Part of the descent could be laid at the feet of the state and its failed rollout of Measure 110. While the decriminalization component went into effect in February 2021, the allocation of treatment funds did not. A June 2022 audit found that $278 million of the $302 million earmarked for “recovery” had yet to reach providers, due to a shortage of available treatment centers and providers, as well as having to come up with Measure 110's infrastructure in real time. (You would not be alone in thinking it might have been a good idea to have the infrastructure in place before facilitating people to do as much fentanyl, heroin and meth as they wanted.) A December 2023 audit showed continuing accountability problems, including having to terminate contracts with grant money recipients who failed to provide services to addicts.
"What's the diplomatic word for 'shitshow'?" asks County Commissioner Julia Brim-Edwards. "People's hearts were where they should be, but the planning was so bad. In retrospect, 110 was not then, and is not ever going to be, the solution to our drug crisis."
By 2023, Oregonians had changed their minds about Measure 110, 73% of those polled saying they supported making possession of hard drugs a crime again. Last December, The Oregonian editorial board called for the re-criminalization of drugs. In January, Gov. Tina Kotek declared a 90-day "fentanyl emergency" for downtown Portland, presumably to get services in place, though how is as yet unclear.
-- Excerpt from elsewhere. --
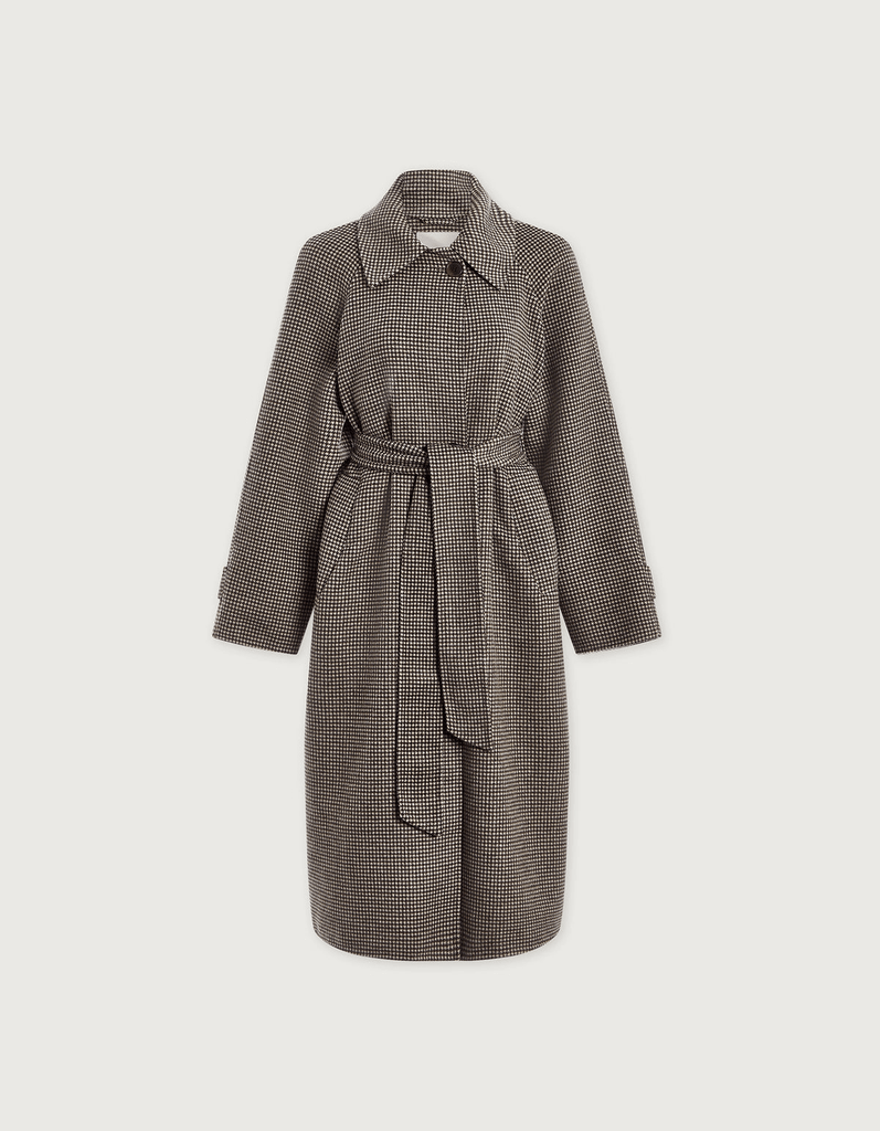 Varley Tomlinson Belted Long Coat / Deep Taupe & Sandshell Micro Puppytooth

“It’s taken far too long to decide we have an emergency on our hands, and it certainly won’t be over in 90 days,” according to County Commissioner Sharon Meieran, who’d been trying for years to get officials to acknowledge the scope of the crisis, which citizens had no trouble recognizing.
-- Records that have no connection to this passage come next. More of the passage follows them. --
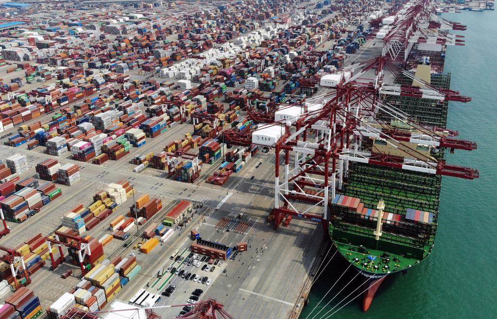 載箱量可達(dá)2.4萬標(biāo)準(zhǔn)箱的“現(xiàn)代商船阿爾赫西拉斯”輪靠泊在青島港前灣碼頭(2020年4月26日攝,無人機(jī)照片)。(新華社記者李紫恒攝)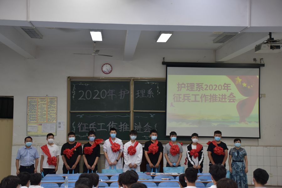 会上,播放了《好男儿就是要当兵》等2020年征兵宣传片,画面中战士们饱满的热情、响亮的口号以及整齐划一的步伐深深震撼了在场的男生,激发了同学们的参军热情。宗山林宣读了《护理系关于表彰2020年应征入伍优秀大学生的决定》,授予王江山等20名学生“护理系应征入伍优秀大学生”荣誉称号并颁发奖品,以资鼓励。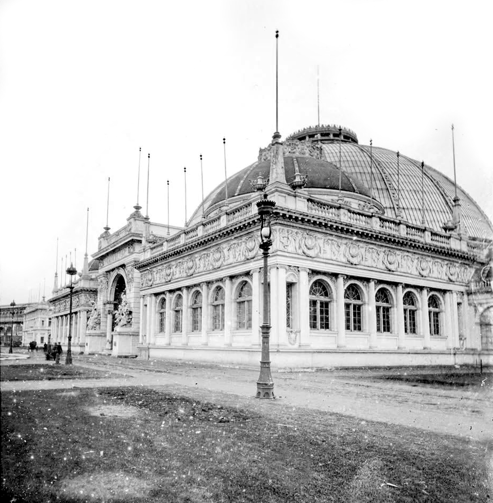 MAIN STRUCTURE AND DOME ON THE HORTICULTURE BUILDING.—The admirable features of the Horticulture Building’s architecture to be considered were lost to the eye of many for the double reason that its chief attractions were near the center and were to an extent lost in a view of the structure as a whole, and that the space between the Horticulture Building and the West Lagoon was but the width of a roadway and prevented the observer from going a sufficient distance away from the structure to perceive its idea in its entirely. Practically, the only proper point of appreciative observation o the Horticulture Building was on the Wooded Island, and from this point, because of the intervening shrubbery, very few photographs were taken. In the accompanying illustration one of these views is reproduced and shows the vast dome of the edifice with all the architectural effects supporting it. They appear, certainly, to advantage under present circumstances. The great symmetry of the whole appeals to the eye even of those untrained to the criticism of architectural effects. Approaching its main portal only by the parallel highway, many thousands who entered the great structure failed to realize the beauty or its facade. Here just what that beauty was is indicated. Taken alone. with the connecting curtains and the great end structures swept away, the Horticulture Building might have become even more noted than it did as one o the architectural marvels of the Fair and one fully up to the standard of the great works behind it. It was a pleasant thing to look upon.

“Fuck no, I wouldn’t vote for it again,” says Aidan Wolff, a musician and bartender from Portland. "It's 11 o'clock in the morning and there's a flash-mob, 18 to 20 people in the parking lot of Carl's Jr. having a fentanyl party. There's just a general feeling of lawlessness. There are fires, things are burned out, the cops can't do anything.”
The defenestration of law enforcement, when it came to making drug arrests, was baked into Measure 110. While Portland only partially succeeded in its effort to defund police in 2020, staffing levels remain low, with officers' time frequently spent interacting with street-level drug users the only way they legally can: administering Narcan, sometimes to the same person multiple times a day.
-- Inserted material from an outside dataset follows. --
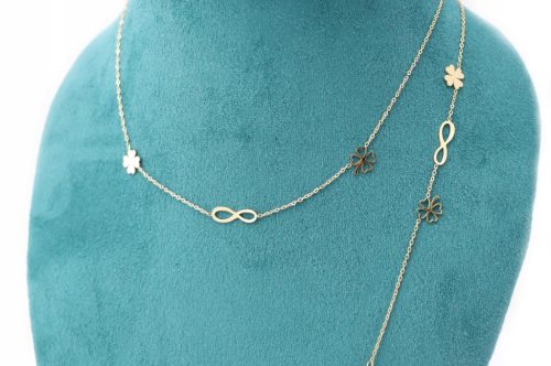 Przepiękny złoty komplet celebrytek, wykonany ze stali nierdzewnej 316L, pozłocony. Zestaw składa się z łańcuszka i bransoletki, które są ozdobione KONICZYNKAMI ORAZ ZNAKIEM NIESKOŃCZONOŚCI.

Proponents of Measure 110 argue that correlation does not equal causation; that you can recriminalize drugs tomorrow and still have people choose to use and overdose on hard drugs. Sure. But does that mean Measure 110 cannot be improved upon? Last October, eight people in their late teens and early 20s overdosed in one incident in Portland's Pearl District, where I not long ago watched a tableaux that included a man picking at his infected feet, another shaking his penis at me, and a woman who lifted her dress and shat. Portland has seen historic outmigration, in part due to high crime and the homelessness crisis. REI closed its flagship store on February 1, citing the highest number of break-ins in two decades.